- _Recorded data_:
*-*-*
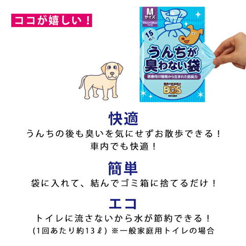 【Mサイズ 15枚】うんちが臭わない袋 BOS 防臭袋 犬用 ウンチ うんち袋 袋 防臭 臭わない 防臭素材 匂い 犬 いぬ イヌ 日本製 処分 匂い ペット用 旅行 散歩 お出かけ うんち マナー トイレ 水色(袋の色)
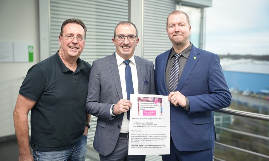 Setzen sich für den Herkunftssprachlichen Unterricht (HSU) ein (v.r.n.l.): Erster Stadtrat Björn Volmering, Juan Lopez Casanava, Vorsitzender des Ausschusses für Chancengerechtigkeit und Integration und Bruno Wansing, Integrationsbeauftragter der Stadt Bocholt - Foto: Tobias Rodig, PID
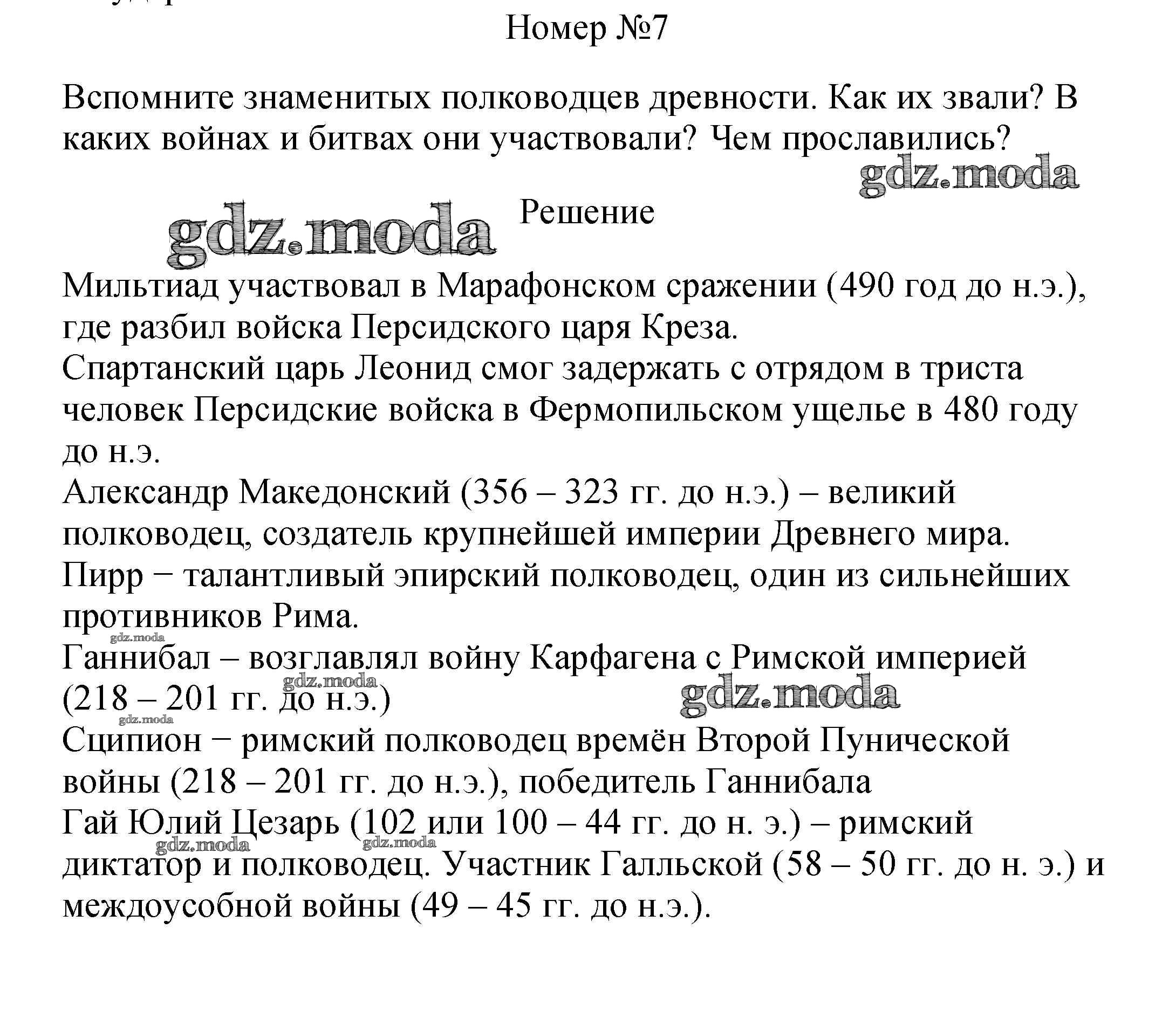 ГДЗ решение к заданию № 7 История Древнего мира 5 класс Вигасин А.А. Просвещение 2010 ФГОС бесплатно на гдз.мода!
*-*-*
- _Exercise_:
Pictures are not part of the copy. Restate everything else in the listing word for word.

- _Solution below_:
 【Mサイズ 15枚】うんちが臭わない袋 BOS 防臭袋 犬用 ウンチ うんち袋 袋 防臭 臭わない 防臭素材 匂い 犬 いぬ イヌ 日本製 処分 匂い ペット用 旅行 散歩 お出かけ うんち マナー トイレ 水色(袋の色)
 Setzen sich für den Herkunftssprachlichen Unterricht (HSU) ein (v.r.n.l.): Erster Stadtrat Björn Volmering, Juan Lopez Casanava, Vorsitzender des Ausschusses für Chancengerechtigkeit und Integration und Bruno Wansing, Integrationsbeauftragter der Stadt Bocholt - Foto: Tobias Rodig, PID
 ГДЗ решение к заданию № 7 История Древнего мира 5 класс Вигасин А.А. Просвещение 2010 ФГОС бесплатно на гдз.мода!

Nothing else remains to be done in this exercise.